Without copying any picture, transcribe exactly the lines of the data below from the one containing "at I ogsaa skal" through the one containing "位于湾里村的茶陵县苏维埃政府旧址。".

• DATA RECORDS:
* * * * *

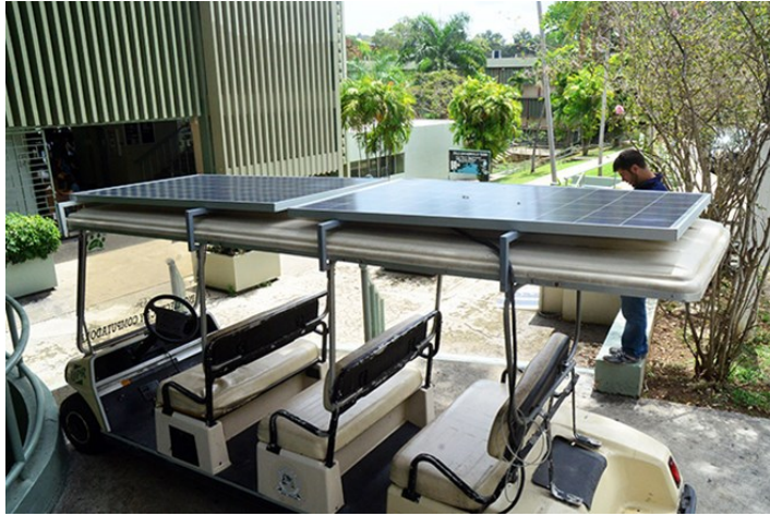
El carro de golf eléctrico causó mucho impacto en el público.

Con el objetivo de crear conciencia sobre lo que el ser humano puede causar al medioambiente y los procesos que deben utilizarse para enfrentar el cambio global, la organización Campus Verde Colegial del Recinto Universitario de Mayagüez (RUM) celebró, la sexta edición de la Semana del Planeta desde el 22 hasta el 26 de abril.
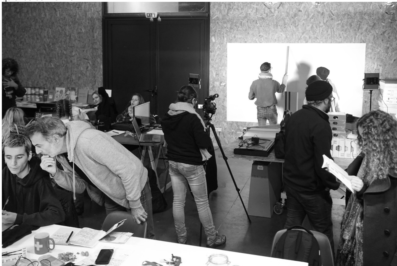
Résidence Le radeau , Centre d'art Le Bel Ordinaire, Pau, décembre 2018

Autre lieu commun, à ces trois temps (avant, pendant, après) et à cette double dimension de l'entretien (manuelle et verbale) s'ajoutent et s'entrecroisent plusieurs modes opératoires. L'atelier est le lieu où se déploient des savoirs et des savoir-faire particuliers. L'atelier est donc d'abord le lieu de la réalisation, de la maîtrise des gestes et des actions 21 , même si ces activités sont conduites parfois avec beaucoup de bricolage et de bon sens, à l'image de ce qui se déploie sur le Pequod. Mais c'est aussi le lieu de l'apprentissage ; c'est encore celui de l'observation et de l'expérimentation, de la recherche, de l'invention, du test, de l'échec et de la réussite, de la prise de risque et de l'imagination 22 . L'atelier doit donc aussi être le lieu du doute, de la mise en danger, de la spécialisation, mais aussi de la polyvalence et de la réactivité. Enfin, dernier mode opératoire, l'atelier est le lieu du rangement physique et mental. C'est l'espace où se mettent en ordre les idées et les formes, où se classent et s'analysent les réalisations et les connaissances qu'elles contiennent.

* * * * *

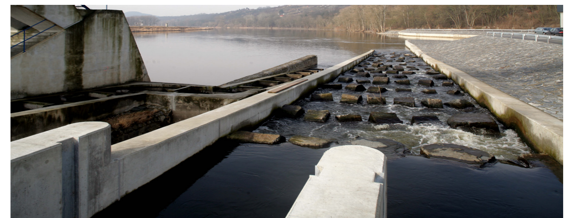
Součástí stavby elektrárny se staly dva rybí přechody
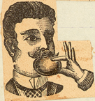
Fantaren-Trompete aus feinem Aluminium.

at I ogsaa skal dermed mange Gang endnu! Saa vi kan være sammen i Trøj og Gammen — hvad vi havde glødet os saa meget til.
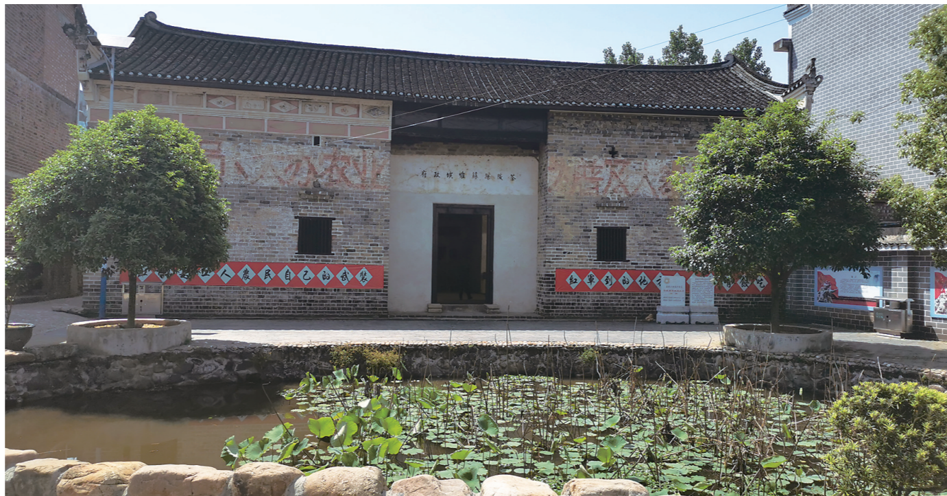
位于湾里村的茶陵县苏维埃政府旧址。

* * * * *

• ANSWER TO THE PROBLEM:
at I ogsaa skal dermed mange Gang endnu! Saa vi kan være sammen i Trøj og Gammen — hvad vi havde glødet os saa meget til.
位于湾里村的茶陵县苏维埃政府旧址。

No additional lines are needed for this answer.